Now I'm not sure why the following holds:

If $x^2 \equiv a \pmod n$ for some $x \in \mathbb Z$, then $x^2 \equiv a \pmod {p_i}$ for all $i$, where $n=p_1^{t_1} \dots p_r^{t_r}$.

I know that if $a \equiv b \pmod {p_1 \dots p_r}$, then $a \equiv b \pmod {p_i}$ for all $i$, if $p_1, \dots, p_r$ are pairwise relative primes.

  • 0
    @Martin: What about like this: Let $n=p_1^{t_1} \dots p_r^{t_r} $. Then $p_i∣n$( $n=p_i \cdot N$) and let $a \equiv b\pmod n$ or $a-b=nk \Rightarrow a-b =p_iK$ <=>$a \equiv b \pmod {p_i}$2011-12-03

2 Answers 2

1

Lemma: $k\mid n$ $\land$ $x\equiv y \pmod n$ $\Rightarrow$ $x\equiv y\pmod k$

Proof. $x\equiv y \pmod n$ is equivalent to $n\mid x-y$. Since $k\mid n$ and $n\mid x-y$, we get that $k\mid x-y$, i.e. $x\equiv y \pmod k$.

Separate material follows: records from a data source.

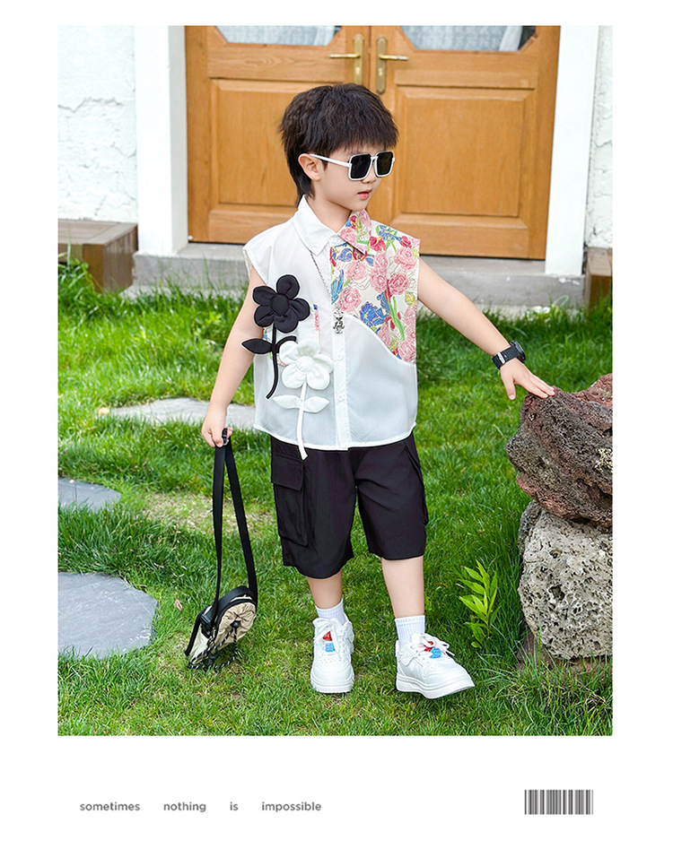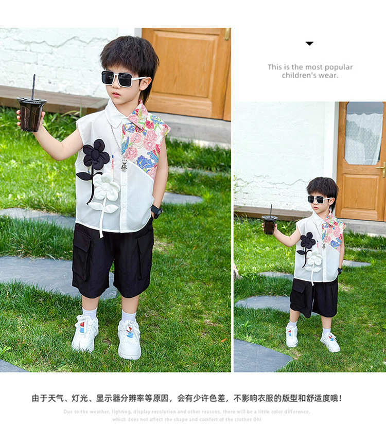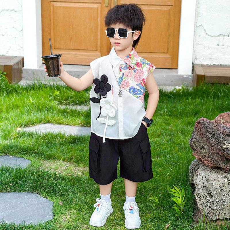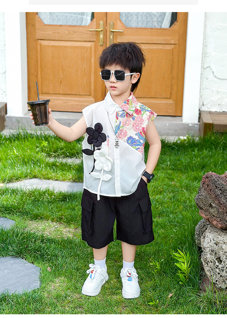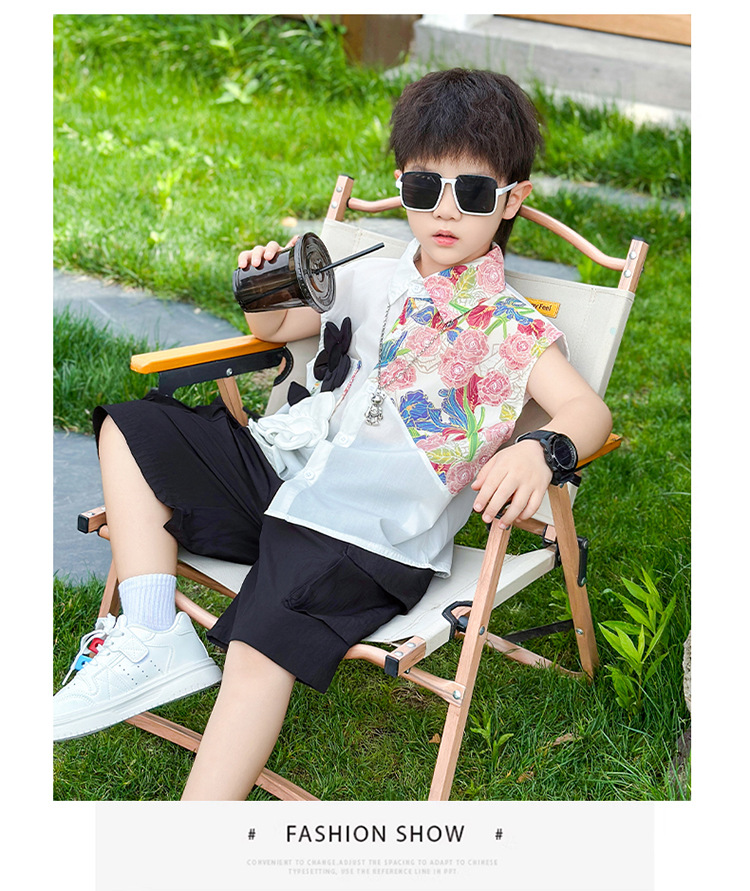 소년 정장 2025 여름 새로운 스타일 중국 스타일 작은 신사 셔츠와 조끼 투피스 세트 어린이 여름 얇은 옷스토어 가기
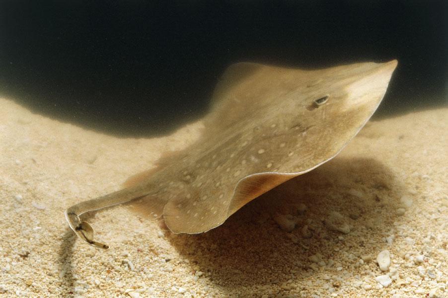 La razza stellata vive nel Mar Mediterraneo e, in minor misura, nell’Oceano Atlantico orientale, in particolare lungo le coste meridionali del Portogallo, sui fondali sabbiosi fino a 100 metri. Il corpo, biancastro sul ventre e per il resto giallo-olivaceo con fitte macchioline brune e giallastre, è depresso e diviso in 2 parti: il cosiddetto disco, di forma romboide, che rappresenta un tutt’uno di capo, tronco e pinne pettorali, e la coda, lunga e sottile. La pelle è zigrinata e presenta alcune file longitudinali di spine su coda e dorso; sui lati della coda, in una piega cutanea, sono localizzati organi elettrici che producono scariche a basso potenziale. Il muso è corto e appuntito, e la bocca è ventrale e dotata di diverse file di denti. Gli occhi sono sul dorso e dietro mostrano ampi fori (spiracoli), che servono a introdurre l’acqua durante la respirazione. Le razze, infatti, non introducono l’acqua dalla bocca perché, vivendo sul fondo del mare, insieme all’acqua introdurrebbero anche melma e sabbia. Pur essendo un’agile nuotatrice, la razza stellata sta per lo più immobile nella sabbia e si ciba di animali di fondo come crostacei, molluschi e teleostei. Ovipara, depone le uova sul fondale, protette da un robusto guscio corneo. Specie molto simile è la razza maculata (Raja montagui), presente sui bassi fondali sabbiosi di Mar Mediterraneo, Mar Nero e Oceano Atlantico orientale fino all’altezza del Marocco.
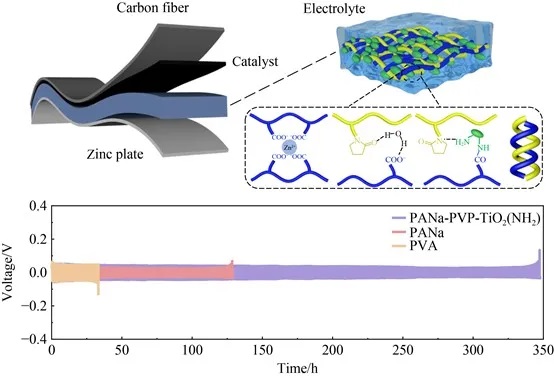 具有高能量密度和安全性的柔性水性锌-空气电池引起了人们的广泛关注。凝胶聚合物电解质因其具有防止电解质泄漏的能力而成为传统液体电解质的首选。在这项研究中,设计了一种具有高耐碱性和离子导电性的复合PANa-PVP-TiO2(NH2)水凝胶,其中无机TiO2(NH2)纳米粒子均匀分布并整合到聚丙烯酸钠和聚乙烯吡咯烷酮的有机双网络中。有机-无机杂化结构增强了电解质溶液的吸收和保持能力,使凝胶聚合物电解质在柔性水性锌-空气电池的整个运行过程中具有令人印象深刻的离子电导率。此外,TiO2(NH2)纳米粒子的掺入和双网络结构有效地增强了凝胶聚合物电解质的机械强度和柔韧性,抑制了副产物和锌枝晶的形成。这些改进增加了锌对称电池的循环寿命,以及柔性水性锌-空气电池的功率密度和循环使用寿命。
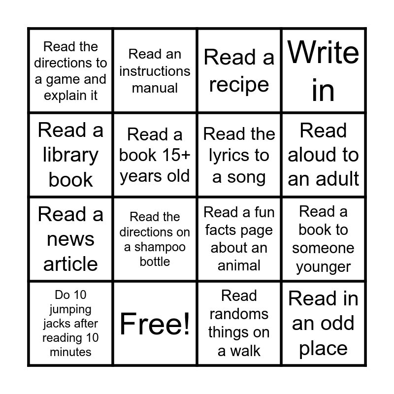 This bingo card has 16 words: Free!, Read a book to someone younger, Read a recipe, Read the directions to a game and explain it, Read a news article, Read an instructions manual, Read a fun facts page about an animal, Read randoms things on a walk, Read a library book, Read a book 15+ years old, Do 10 jumping jacks after reading 10 minutes, Write in, Read the directions on a shampoo bottle, Read aloud to an adult, Read the lyrics to a song and Read in an odd place.
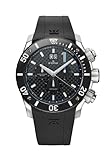 Various chronograph functions and automatic movement make this Edox "Class 1" watch a smart choice for any man. Featuring a blue-tone tachymeter on the inner bezel and a black PVD unidirectional rotating bezel with a minute track. A black textured dial includes luminous hands and indices as well as a big date window at 12 o'clock. The Swiss designed timepiece is completed by a black rubber strap with the "Edox" logo and fastens closed by a deployment-push-button-clasp-with-buckle providing extra comfort. This divers watch has a water resistance depth of 984 feet.
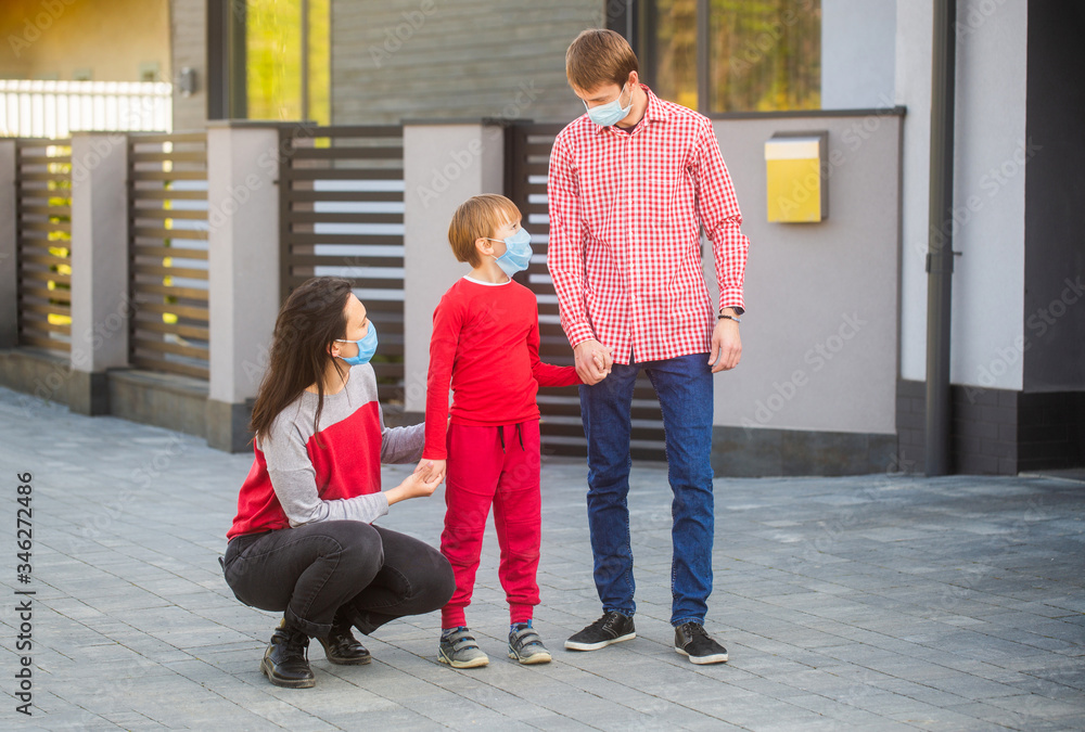 Coronavirus quarantine. Family going walk. Coronavirus, illness, infection, quarantine, medical masks. Parents and kid wearing a surgical mask. Air pollution concept. Prevention coronavirus

If $p$ is some prime from the prime factorization of $n$, then clearly $p\mid n$. So if $x^2 \equiv a \pmod n$ then, using the above lemma, we have $x^2 \equiv a \pmod p$.

2

It's a congruence form of transitivity of divisibility $\rm\:d\:|\:e\:|\:n\ \Rightarrow\ d\:|\:n\:.\:$ In particular

$\rm\qquad\qquad\qquad\qquad c\:d\ |\ a-b\ \ \Rightarrow\ \ d\ |\ a-b\quad $ which, in the language of congruences, is

$\rm\qquad\qquad a\equiv b\pmod{c\:d}\ \ \Rightarrow\ \ a\equiv b\pmod{d}$

E.g. two integers with equal least significant digit are congruent mod $10\ \Rightarrow$ congruent mod $2$, i.e. they have equal parity (odd or even).